El conflicto por la reducción de frecuencias en algunas líneas de RedTulum sumó este lunes nuevos capítulos. Luego de anticipar que las empresas que disminuyeron el servicio serían multadas, el secretario de Tránsito y Transporte, Marcelo Molina, confirmó que las sanciones ya fueron aplicadas y precisó que alcanzan a Mayo y Libertador, las únicas prestatarias que, según el Gobierno, incumplieron el cronograma establecido.
«No son todas las empresas las que redujeron frecuencias, hay un par de empresas que son las que han reducido servicios, las cuales han sido sancionadas y oportunamente se comunicará la multa correspondiente», afirmó el funcionario. Además, explicó que las penalidades son de carácter económico. «Son sanciones económicas por no haber prestado el servicio de la manera diagramada», sostuvo.
La Provincia negó deudas con las prestatarias
Molina también rechazó uno de los argumentos que habían trascendido como explicación de la reducción del servicio. «El Gobierno de la provincia no mantiene deuda con las empresas, está en el cronograma de pago como corresponde», aseguró, y remarcó que el supuesto atraso en las transferencias «no es así, se está al día. Entonces no sabemos cuál es el motivo real que puedan haber tenido estas empresas para haber tomado la medida que tomaron de reducción».
En ese contexto, el funcionario dio a conocer el nivel de recursos que la Provincia destina para sostener el transporte público. «El Gobierno Provincial invierte en el orden de los 5.000 millones de pesos, estamos hablando de cerca de 3 millones de dólares mensuales para sostener el transporte público en la provincia», indicó.
Ese monto contempla los subsidios al boleto escolar, el sistema de transbordo y otros aportes provinciales destinados a mantener una tarifa más accesible para los usuarios.

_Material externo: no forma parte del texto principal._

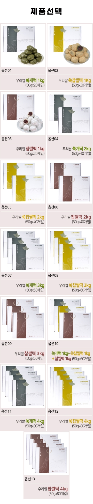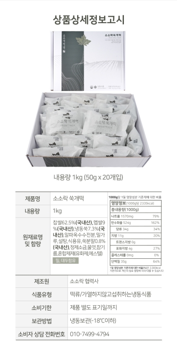 소소락 쑥개떡 1kg (50g 20개입) 외 쑥찹쌀떡/찹쌀떡/영양약밥. 국내산 찹쌀, 해풍쑥, 개별포장.

Seguirán los controles mientras continúen los incumplimientos
Respecto a la continuidad del conflicto, Molina advirtió que las inspecciones continuarán mientras persistan los incumplimientos. «Nosotros hacemos el monitoreo y esas empresas ya tienen la sanción correspondiente. Si no restituyen los servicios se seguirán haciendo las sanciones y se tomarán las medidas que la legislación permita», afirmó.
De esta manera, la Secretaría de Tránsito y Transporte mantendrá el seguimiento de las frecuencias y podrá disponer nuevas penalidades contra las prestatarias en caso de que no se normalicen los servicios previstos.
Por último, el secretario señaló que el Gobierno tampoco recibió comunicaciones del gremio vinculadas a posibles reducciones de jornadas laborales o afectaciones salariales derivadas del conflicto. «Por parte del sindicato no», respondió.
El Gobierno de San Juan sancionó económicamente a las empresas Mayo y Libertador por reducir frecuencias de la RedTulum e incumplir el cronograma establecido. El secretario de Tránsito y Transporte, Marcelo Molina, negó que existan deudas con las prestatarias y advirtió que continuarán las inspecciones y penalidades si los servicios no son restituidos.
Resumen generado automáticamente por inteligencia artificial
La crisis de frecuencias de la RedTulum incorporó este lunes un elemento que suele acelerar notablemente la vocación de diálogo empresarial: multas. El Gobierno confirmó que Mayo y Libertador fueron sancionadas por reducir servicios, una decisión administrativa destinada a recordar que los cronogramas no son literatura fantástica ni documentos decorativos diseñados para completar carpetas.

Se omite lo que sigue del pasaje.